Teams are encouraged to compete in the following VQA challenge:
The VQA v2.0 train, validation and test sets, containing more than 250K images and 1.1M questions, are available on the download page. All questions are annotated with 10 concise, open-ended answers each. Annotations on the training and validation sets are publicly available.
VQA Challenge 2017 is the second edition of the VQA Challenge. VQA Challenge 2016 was organized last year, and the results were announced at VQA Challenge Workshop, CVPR 2016. More details about VQA Challenge 2016 can be found here.
Answers to some common questions about the challenge can be found in the FAQ section.
After the challenge deadline, all challenge participant results on test-standard split will be made public on a test-standard leaderboard.

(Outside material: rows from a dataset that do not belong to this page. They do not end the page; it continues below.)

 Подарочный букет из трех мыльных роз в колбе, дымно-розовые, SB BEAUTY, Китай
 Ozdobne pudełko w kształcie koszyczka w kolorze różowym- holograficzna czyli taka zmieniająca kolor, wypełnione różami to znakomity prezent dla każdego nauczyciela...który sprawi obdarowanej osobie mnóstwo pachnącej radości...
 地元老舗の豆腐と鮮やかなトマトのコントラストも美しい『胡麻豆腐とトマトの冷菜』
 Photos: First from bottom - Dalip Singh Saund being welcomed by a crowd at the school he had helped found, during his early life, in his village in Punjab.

Following COCO, we have divided the test set for balanced real images into a number of splits, including test-dev, test-standard, test-challenge, and test-reserve, to limit overfitting while giving researchers more flexibility to test their system. Test-dev is used for debugging and validation experiments and allows for maximum 10 submissions per day. Test-standard is the default test data for the VQA competition. When comparing to the state of the art (e.g., in papers), results should be reported on test-standard. Test-standard is also used to maintain a public leaderboard that is updated upon submission. Test-reserve is used to protect against possible overfitting. If there are substantial differences between a method's scores on test-standard and test-reserve, this will raise a red-flag and prompt further investigation. Results on test-reserve will not be publicly revealed. Finally, test-challenge is used to determine the winners of the challenge.

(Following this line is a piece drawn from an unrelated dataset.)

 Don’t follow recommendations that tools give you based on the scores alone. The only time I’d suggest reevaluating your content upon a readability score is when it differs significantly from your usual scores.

The evaluation page lists detailed information regarding how submissions will be scored. The evaluation servers are open. This year we are hosting the evaluation servers on a new Evaluation Platform called EvalAI, developed by the CloudCV team. EvalAI is an open-source web platform designed for organizing and participating in challenges to push the state of the art on AI tasks. Click here to know more about EvalAI. We encourage people to first submit to "Real test-dev2017 (oe)" phase to make sure that you understand the submission procedure, as it is identical to the full test set submission procedure. Note that the "Real test-dev2017 (oe)" and "Real Challenge test2017 (oe)" evaluation servers do not have a public leaderboard..
To enter the competition, first you need to create an account on EvalAI. We allow people to enter our challenge either privately or publicly. Any submissions to the "Real Challenge test2017 (oe)" phase will be considered to be participating in the challenge. For submissions to the "Real test2017 (oe)" phase, only ones that were submitted before the challenge deadline and posted to the public leaderboard will be considered to be participating in the challenge.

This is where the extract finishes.